▸ **EXERCISE DETAILS**
Beginning with the line that contains "Папка под свидетельство" and ending with the line that contains "EASY TO STORE: The", reproduce the lines of the entries below exactly, omitting pictures.

▸ **DATA TO USE**
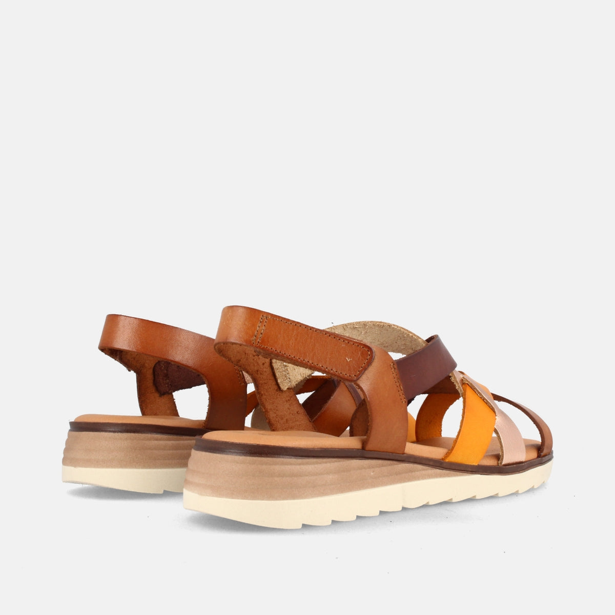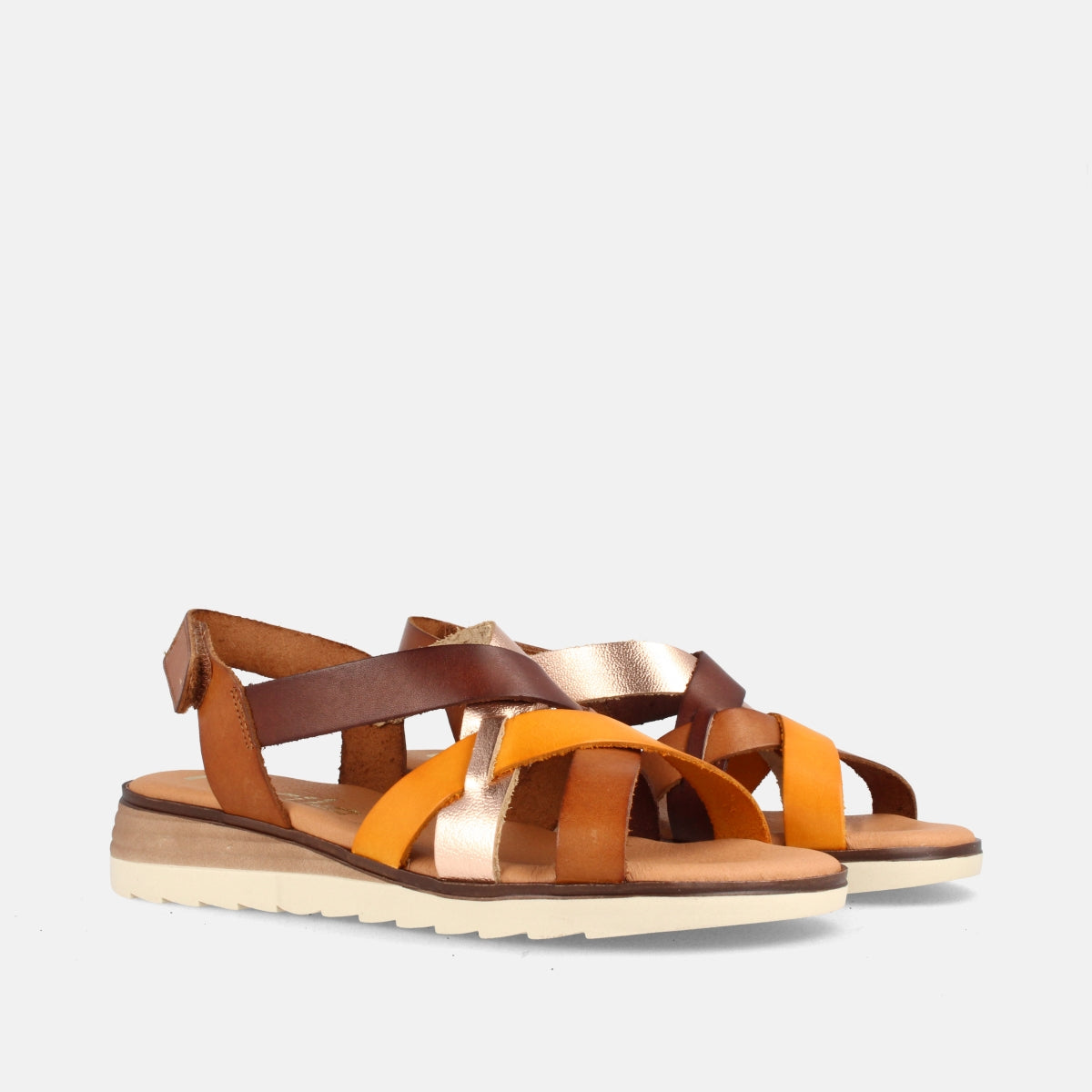 Su estructura está formada por cintas de piel en color cuero y naranja que se entrelazan en el empeine sujetándolo así de forma óptima. El talón queda al descubierto y su cierre es mediante belcro regulable que permite el perfecto ajuste de la sandalia. Dispone de una plantilla con un acolchado de 5mm que hace que sea un calzado con un extra de confortabilidad. El piso es de TR, dentado y combinado en color beig y marrón. Además tiene una altura de 3cm y de 1,5cm en su parte delantera. Es un calzado muy ligero y muy fácil de calzar.
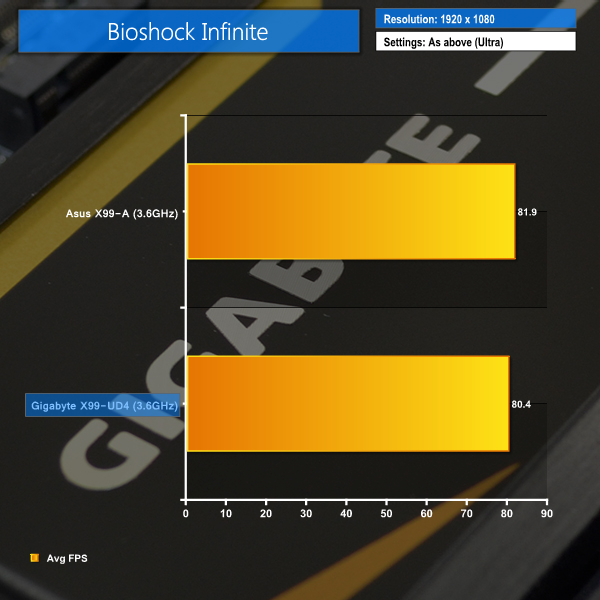 Bioshock Infinite seems to take a notable performance hit from the Gigabyte system's reliance upon the lower-bandwidth PCIe 2.0 interface. Conversely, Metro: Last Light registers a 1.4 FPS higher score for Gigabyte's X99-UD4.
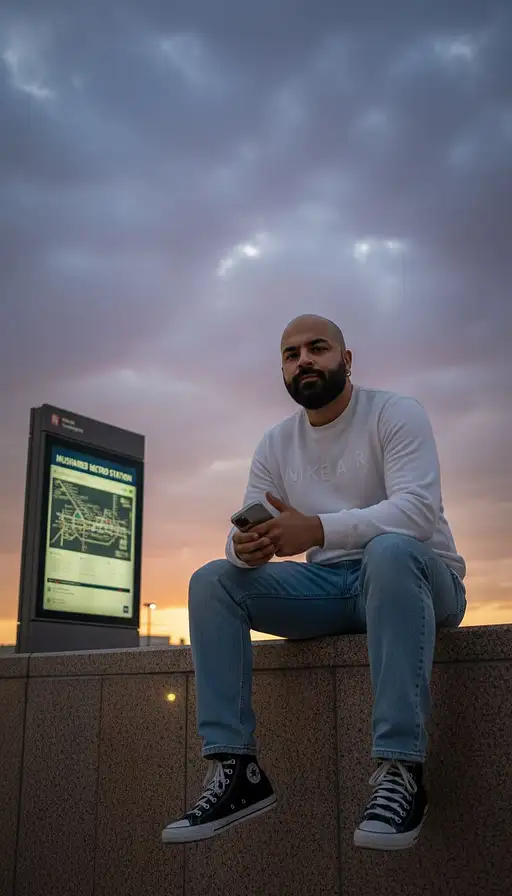 Create the image, and don't change the face. The image shows a stylish young man with a lean, toned physique (around 57 kg, 5'6 tall) — his beard remains unchanged, and his head is clean-shaven, giving him a modern, confident bald look. He wears one small, silver hoop earring in each ear, adding a subtle yet refined touch of individuality and style. sitting on a low, polished stone wall. He is dressed casually in a red crewneck sweatshirt with "NIKE AIR" printed in white across the chest, paired with light-wash blue jeans that are slightly baggy. On his feet, he wears black high-top Converse sneakers with white laces and soles. He is holding a small, silvery item in his hands. The background is a cloudy, dusky sky, suggesting it's either sunrise or sunset. To the left of the man, a green-lit information board, possibly a map or a sign for a subway station, is visible with English text that appears to say "musherib metro station." The scene is shot from a low angle, emphasizing the subject against the dramatic sky and the urban backdrop.
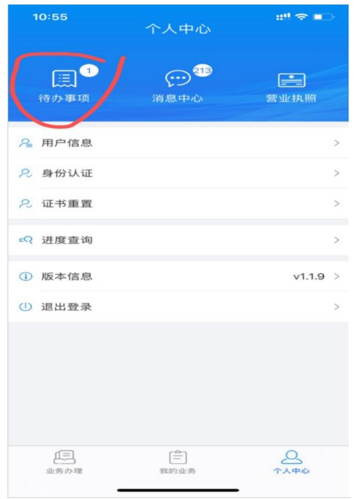 第六步:到个人中心,查看待办事项
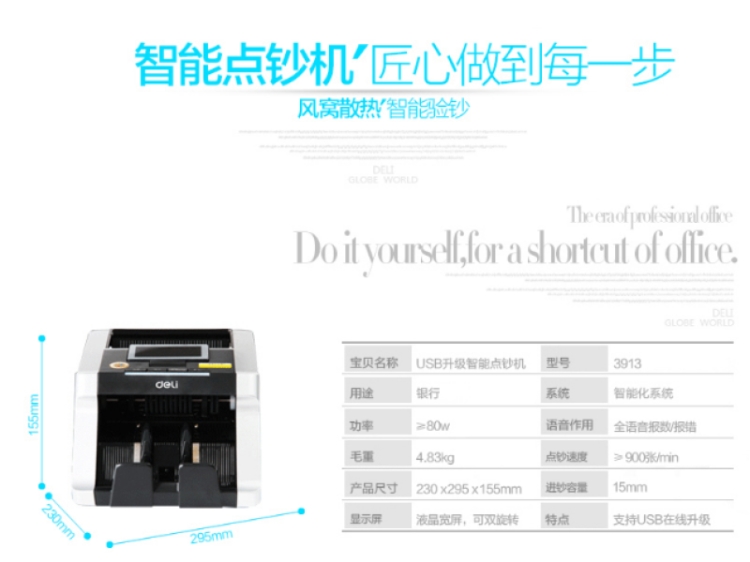 - 商品名称:得力3913全智能USB升级点钞机语音播放验钞机银行专用新币点钞机银黑
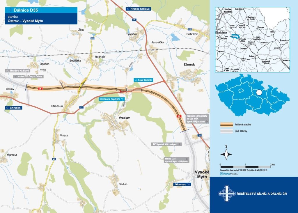 Na 7 km úseku dálnice D35 „Ostrov – Vysoké Mýto“ probíhá v současné době majetkoprávní příprava a průzkumné práce. Máme hotovou dokumentaci pro stavební povolení a probíhá inženýrská činnost pro získání stavebního povolení. Součástí stavby je tunel Homole, jenž je nejsložitějším objektem stavby a z tohoto důvodu bude realizován samostatně. Nyní máme zahájeny práce na zadávací dokumentaci stavby a probíhá příprava projektu pro záchranný archeologický průzkum.
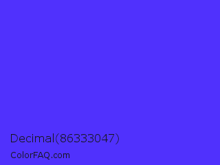 Decimal 86333047 Color is a normal indigo color and the nearest color is Han Purple #5218fa. Hex code #5031fd and RGB value is rgb(80,49,253). In RGB color space, this color is composed of 31% red, 19% green, 99% blue, In CMYK color space, this color is composed of 68% cyan, 81% magenta, 0% yellow , 1% black , In HSL color space, this color has a hue angle of 249° , 98% saturation and 59% lightness.
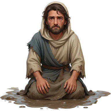 нарисуй раскаявшегося молодого человека на коленях в рваной одежде возрастом 20-24 года во весь рост , времена древнего иерусалима emoji
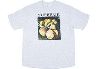 The Supreme Still Life Tee Ash Grey displays an artistic version of the still life genre with a bowl full of peaches and some burst-open fruits in the foreground. The stylish design of the Supreme Still Life Tee features a ribbed collar with a branded tag on the back. The t-shirt features a neutral grey colorway. Most of its branding and contrasts appear on the chest area. Black accents arise from "SUPREME" writing. Below it, a multicolor still-life imprint takes center stage. The rest of the material is plain, elegantly displaying the neutral grey tones. The cuffs on the short sleeves of this t-shirt fold inwards for fortification to match the hem. What outstanding features adorn the Supreme Still Life Tee Ash Grey? Our experts adore the still-life artwork covering the chest. Its colorful design delivers a touch of streetwear to a classic plain tee. The t-shirt was priced at $36 when released on August 20th, 2018. - Season FW18 - Color Ash Grey - Release Date 2018-08-20 - Retail Price 36 - Featured false
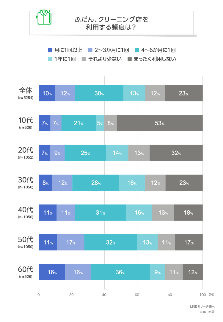 グラフにはありませんが、女性に比べて男性のほうが、クリーニング店を利用する頻度はすべての年代で高い傾向となり、特に30代以上ではその差が顕著となりました。男性は、スーツやワイシャツなど、クリーニング店にお願いしたい衣類が多いのかもしれません。
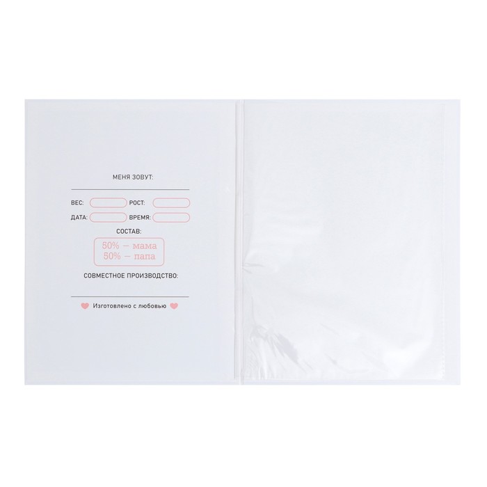 Папка под свидетельство о рождении формата А4 имеет удобный файл внутри, который защитит первый в жизни документ малыша от повреждений.
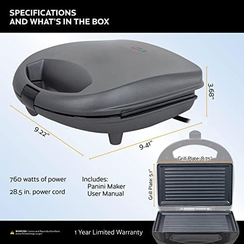 EASY TO STORE: The compact size allows for easy storing, suitable for most kitchens. Features a cool touch handle to protect you while handling the panini maker
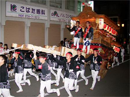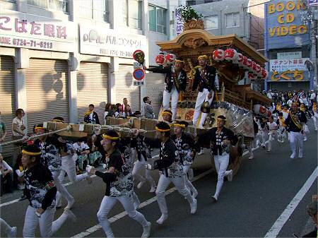 平成21年10月4日、阪南市やぐらパレードに行きました。 午後3時30分頃から、20台のやぐらが続々と集まり、市役所駐車場に並びました。 去年は雨模様でしたが、今年は良い天気に恵まれ、たくさんの人で賑わっていました。 すごい勢いで走るやぐらは迫力があり、楽しませていただきました。

▸ **COMPLETED EXERCISE**
 Папка под свидетельство о рождении формата А4 имеет удобный файл внутри, который защитит первый в жизни документ малыша от повреждений.
 EASY TO STORE: The compact size allows for easy storing, suitable for most kitchens. Features a cool touch handle to protect you while handling the panini maker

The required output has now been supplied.